Linda Babcock, co-founder of Carnegie Mellon’s Academy for Women, agrees that men in general are better at negotiating, and that this negatively affects women. But rather than get rid of negotiation entirely, Babcock argues that women should embrace it.
In her books, “Women Don’t Ask: The High Cost of Avoiding Negotiation and Positive Strategies for Change,” and “Ask For It: How Women Can Use the Power of Negotiation to Get What They Really Want,” Babcock discusses the challenges of negotiating and strategies women can use to ask for what they want in the workplace.
Babcock recently spoke to Diversity Executive about how women can use negotiation to advance in their careers. Below are edited excerpts from her interview.
Your book, “Women Don’t Ask,” discusses the high cost of avoiding negotiation. Why should women stop avoiding it?
There are many reasons. First of all, many things are negotiable in the workplace rather than just being offered to you — for example, raises, promotions, work assignments. To really get where you want to go in an organization today, you have to be proactive for yourself about asking for those things. Women are more likely to believe that employer will just treat them fairly and give them what they deserve, and men are more likely to understand that you actually have to negotiate for the things you want and for the career you want to have in the workplace. It can hold women back if they’re not getting the opportunities that men are asking for.
How can the ability to negotiate affect a woman’s career path?
For example, if she is interested in moving up in her organization, negotiating for the things she needs to make it to the next level — like different kinds of experiences, being assigned the right teams, the right projects, the work that she needs to do to prove herself to make it to the next level — that’s how negotiation can help by asking for those opportunities.
What are some strategies for women to negotiate better?
First of all to identify what you want and be proactive about asking for it. Once you know what you want, you need to research what’s reasonable to ask for. So let’s say that I want a higher salary. Identifying that that’s what I want and then finding out what is the salary that is the market price for a job like mine and identifying what that is and from there, planning a strategy once you know what it is that you should be asking for.

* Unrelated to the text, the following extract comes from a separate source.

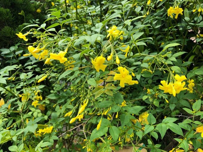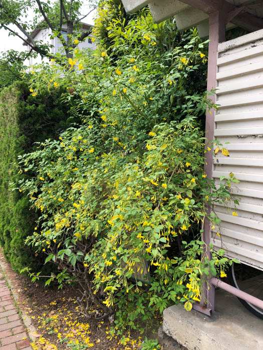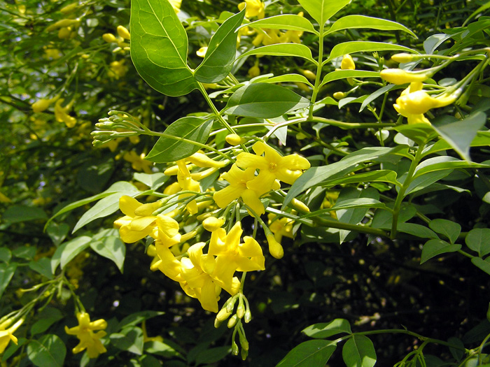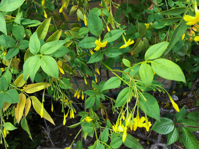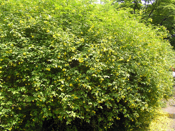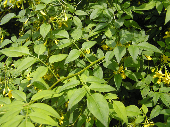 | 形態 | 地際から株立ちになり、先端は枝垂れる。葉は小葉1〜3対+1枚からなる奇数羽状複葉で、互生する。小葉は先が尖った卵形で、全縁。5~6月頃、茎頂に散房花序を作り、黄色い花を8~20個咲かせる。花は筒状で、先端が5裂し、平開する。花には芳香が無い。 |

Why is it important for women to speak up and ask for what they want in the workplace?
It’s important because while employers would like to treat everyone fairly, they’re often focused on other kind of more pressing matters and so may not realize that the men that work for them are asking for these things that the women are not, and then that leaves the women behind. So women have to really understand that it’s their job to speak up for themselves, that we’d like it if our managers did this for us but it doesn’t always happen.
You also co-founded CMU’s Academy of Women. Why is the advancement of women a goal that’s important to you?
I just see women having so many valuable experiences and perspectives and training that they really don’t get to utilize, that organizations aren’t taking advantage of to their fullest. So we’re really leaving those voices behind and disadvantaging women. It’s about justice and fairness.